CUPE suggested repeatedly that the average person on the street would think it unfair that incumbents of equally-valued male and female job classes with similar lengths of service might be paid a different rate of compensation. That may be so, but it is not a situation uncontemplated in the Act, so we do not think that principle can dictate the answer to the issue before us.
As noted above, the confronting issue in this case arises at the point that the parties must consider what pay equity adjustments are required for the pairs of comparably-valued male and female job classes that they have identified. The goal of the Act is “to establish …compensation practices that provide for pay equity”. The Act defines when pay equity is “achieved”. The definition for both job-to-job comparisons and comparisons based on PV are similar in that they make explicit reference to “job rate” which is the highest rate of compensation available to a job class. These are the sections that speak to when pay equity is achieved:
5.1(1) For the purposes of this Act, pay equity is achieved in an establishment when every female job class in the establishment has been compared to a job class or job classes under the job-to-job method of comparison or the proportional value method of comparison and any adjustment to the job rate of each female job class that is indicated by the comparison has been made.
6(1) For the purposes of this Act, pay equity is achieved under the job-to-job method of comparison when the job rate for the female job class that is the subject of the comparison is at least equal to the job rate for a male job class in the same establishment where the work performed in the two job classes is of equal or comparable value.
(2) Where there is no male job class with which to make a comparison for the purposes of subsection (1), pay equity is achieved when the job rate for the female job class that is the subject of the comparison is at least equal to the job rate of a male job class in the same establishment that at the time of comparison had a higher job rate but performs work of lower value than the female job class.
(3) If more than one comparison is possible between a female job class in an establishment and male job classes in the same establishment, pay equity is achieved when the job rate for the female hob class is at least as great as the job rate for the male job class,
(a) with the lowest job rate, if the work performed in both job classes is of equal or comparable value; or
(b) with the highest job rate, if the work performed in the male job class is of less value.
21.3(1) Pay equity is achieved for a female job class under the proportional value method of comparison,
(a) when the class is compared with a representative male job class or representative group of male job classes in accordance with this section; and
(b) when the job rate for the class bears the same relationship to the value of the work performed in the class as the job rate for the male job class bears to the value of the work performed in that class or as the job rates for the male job classes bear to the value of the work performed in those classes, as the case may be.

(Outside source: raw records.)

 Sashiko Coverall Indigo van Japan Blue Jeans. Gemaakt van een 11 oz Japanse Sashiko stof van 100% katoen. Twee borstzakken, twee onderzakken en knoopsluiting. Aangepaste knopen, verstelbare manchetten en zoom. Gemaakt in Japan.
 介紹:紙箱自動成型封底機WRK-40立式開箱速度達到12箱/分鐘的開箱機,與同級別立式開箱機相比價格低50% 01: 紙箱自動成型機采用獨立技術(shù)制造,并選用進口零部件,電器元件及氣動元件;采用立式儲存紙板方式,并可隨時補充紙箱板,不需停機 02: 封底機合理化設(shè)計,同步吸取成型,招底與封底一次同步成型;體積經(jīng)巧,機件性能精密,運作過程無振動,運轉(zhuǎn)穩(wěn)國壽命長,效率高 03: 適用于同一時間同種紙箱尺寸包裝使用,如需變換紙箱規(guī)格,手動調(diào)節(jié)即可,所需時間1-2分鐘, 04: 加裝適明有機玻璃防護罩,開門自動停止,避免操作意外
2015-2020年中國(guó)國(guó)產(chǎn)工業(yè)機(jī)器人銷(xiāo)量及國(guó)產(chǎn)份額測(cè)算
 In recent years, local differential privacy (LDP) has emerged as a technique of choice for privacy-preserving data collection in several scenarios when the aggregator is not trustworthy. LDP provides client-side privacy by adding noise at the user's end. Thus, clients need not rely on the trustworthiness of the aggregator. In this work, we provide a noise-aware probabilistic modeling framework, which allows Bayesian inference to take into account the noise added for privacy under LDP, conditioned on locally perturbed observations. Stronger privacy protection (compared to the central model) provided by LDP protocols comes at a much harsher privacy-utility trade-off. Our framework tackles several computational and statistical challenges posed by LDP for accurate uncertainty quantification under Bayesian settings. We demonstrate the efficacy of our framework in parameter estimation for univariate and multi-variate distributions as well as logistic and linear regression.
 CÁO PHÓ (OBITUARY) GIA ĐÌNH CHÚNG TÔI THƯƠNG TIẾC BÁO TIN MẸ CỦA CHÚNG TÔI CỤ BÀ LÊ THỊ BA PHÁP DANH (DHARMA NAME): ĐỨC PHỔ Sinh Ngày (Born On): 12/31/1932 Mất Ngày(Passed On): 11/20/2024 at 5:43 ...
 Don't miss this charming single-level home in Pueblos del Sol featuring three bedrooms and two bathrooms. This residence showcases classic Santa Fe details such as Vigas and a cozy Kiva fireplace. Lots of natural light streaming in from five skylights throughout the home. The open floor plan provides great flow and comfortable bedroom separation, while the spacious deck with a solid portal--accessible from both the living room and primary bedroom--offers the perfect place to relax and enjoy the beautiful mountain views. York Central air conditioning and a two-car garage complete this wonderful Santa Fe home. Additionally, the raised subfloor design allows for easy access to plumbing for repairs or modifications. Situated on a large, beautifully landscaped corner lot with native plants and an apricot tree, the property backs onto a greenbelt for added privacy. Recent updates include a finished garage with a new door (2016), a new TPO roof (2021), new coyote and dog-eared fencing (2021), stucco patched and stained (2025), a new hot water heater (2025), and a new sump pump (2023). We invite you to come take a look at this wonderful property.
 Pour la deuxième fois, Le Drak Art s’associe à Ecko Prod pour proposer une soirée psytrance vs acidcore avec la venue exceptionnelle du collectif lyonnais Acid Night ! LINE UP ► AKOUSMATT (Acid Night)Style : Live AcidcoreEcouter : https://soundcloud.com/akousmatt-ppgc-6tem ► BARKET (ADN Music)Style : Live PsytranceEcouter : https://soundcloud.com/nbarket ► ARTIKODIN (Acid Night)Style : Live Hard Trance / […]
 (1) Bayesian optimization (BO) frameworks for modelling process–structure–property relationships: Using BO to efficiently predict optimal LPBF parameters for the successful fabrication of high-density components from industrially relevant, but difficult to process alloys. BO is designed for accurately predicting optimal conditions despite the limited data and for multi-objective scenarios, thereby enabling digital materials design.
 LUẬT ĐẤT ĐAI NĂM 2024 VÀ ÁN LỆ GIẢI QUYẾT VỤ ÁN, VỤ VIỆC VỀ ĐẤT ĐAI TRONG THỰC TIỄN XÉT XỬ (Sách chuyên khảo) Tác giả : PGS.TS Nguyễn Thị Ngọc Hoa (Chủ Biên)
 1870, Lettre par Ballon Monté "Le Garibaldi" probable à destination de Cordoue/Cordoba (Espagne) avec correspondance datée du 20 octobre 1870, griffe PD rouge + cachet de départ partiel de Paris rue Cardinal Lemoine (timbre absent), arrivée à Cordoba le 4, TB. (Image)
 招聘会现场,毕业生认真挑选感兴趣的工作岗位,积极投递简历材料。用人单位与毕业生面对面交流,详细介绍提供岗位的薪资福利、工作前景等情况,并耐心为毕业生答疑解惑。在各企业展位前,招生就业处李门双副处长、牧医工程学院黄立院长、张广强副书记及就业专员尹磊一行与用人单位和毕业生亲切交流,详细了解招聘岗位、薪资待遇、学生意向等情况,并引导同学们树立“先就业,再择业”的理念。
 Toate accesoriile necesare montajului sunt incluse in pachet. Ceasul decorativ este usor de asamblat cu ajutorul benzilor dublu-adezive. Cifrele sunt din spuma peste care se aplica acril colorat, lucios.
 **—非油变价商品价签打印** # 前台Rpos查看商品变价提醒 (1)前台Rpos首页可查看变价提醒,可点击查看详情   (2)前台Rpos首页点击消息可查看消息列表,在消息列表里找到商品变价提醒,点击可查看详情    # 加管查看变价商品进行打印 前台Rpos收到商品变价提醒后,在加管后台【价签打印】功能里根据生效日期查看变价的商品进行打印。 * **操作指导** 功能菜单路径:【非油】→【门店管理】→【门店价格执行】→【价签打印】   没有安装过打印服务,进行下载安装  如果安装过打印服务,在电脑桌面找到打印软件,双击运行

- The common meaning of the terms “achieve” and “achievement” suggest the end of a process and the attainment of a goal. These are the definitions found in The Concise Oxford Dictionary (7th ed. – 1982):
Achieve: 1. accomplish, carry out; acquire; reach (success, glory, one’s objective); 2. attain desired level of performance. …
Achievement: completion, accomplishment; thing accomplished.
- This sense that “achieved” refers to a goal attained is reinforced when we look at what section 13 of the Act requires in terms of pay equity adjustments. Section 13(2) which describes the contents of plans says that with respect to all female job classes for which pay equity does not exist, they must “describe how the compensation in those job classes will be adjusted to achieve pay equity”. Section 13(3) creates a priority among female job classes for the payment of pay equity adjustments. Section 13(4) deals with minimum adjustments required. Section 13(5) deals with the timing of adjustments. All these subsections contemplate that the implementation of pay equity is complete when “the amount required to achieve pay equity has been paid”. Here is the actual language of these sections:
(2) If both female job classes and male job classes exist in an establishment, every pay equity plan for the establishment,
(d) shall, with respect to all female job classes for which pay equity does not exist according to the comparisons under section 12, describe how the compensation in those job classes will be adjusted to achieve pay equity; and
(3) A pay equity plan shall provide that the female job class or classes that have, at any time during the implementation of the plan, the lowest job rate shall receive increases in rates of compensation under the plan that are greater than the increases under the plan for other female job classes until such time as the job rate for the female job class or classes receiving the greater increases is equal to the lesser of,
(a) the job rate required to achieve pay equity; and
(b) the job rate of the female job class or classes entitled to receive an adjustment under the plan with the next lowest job rate.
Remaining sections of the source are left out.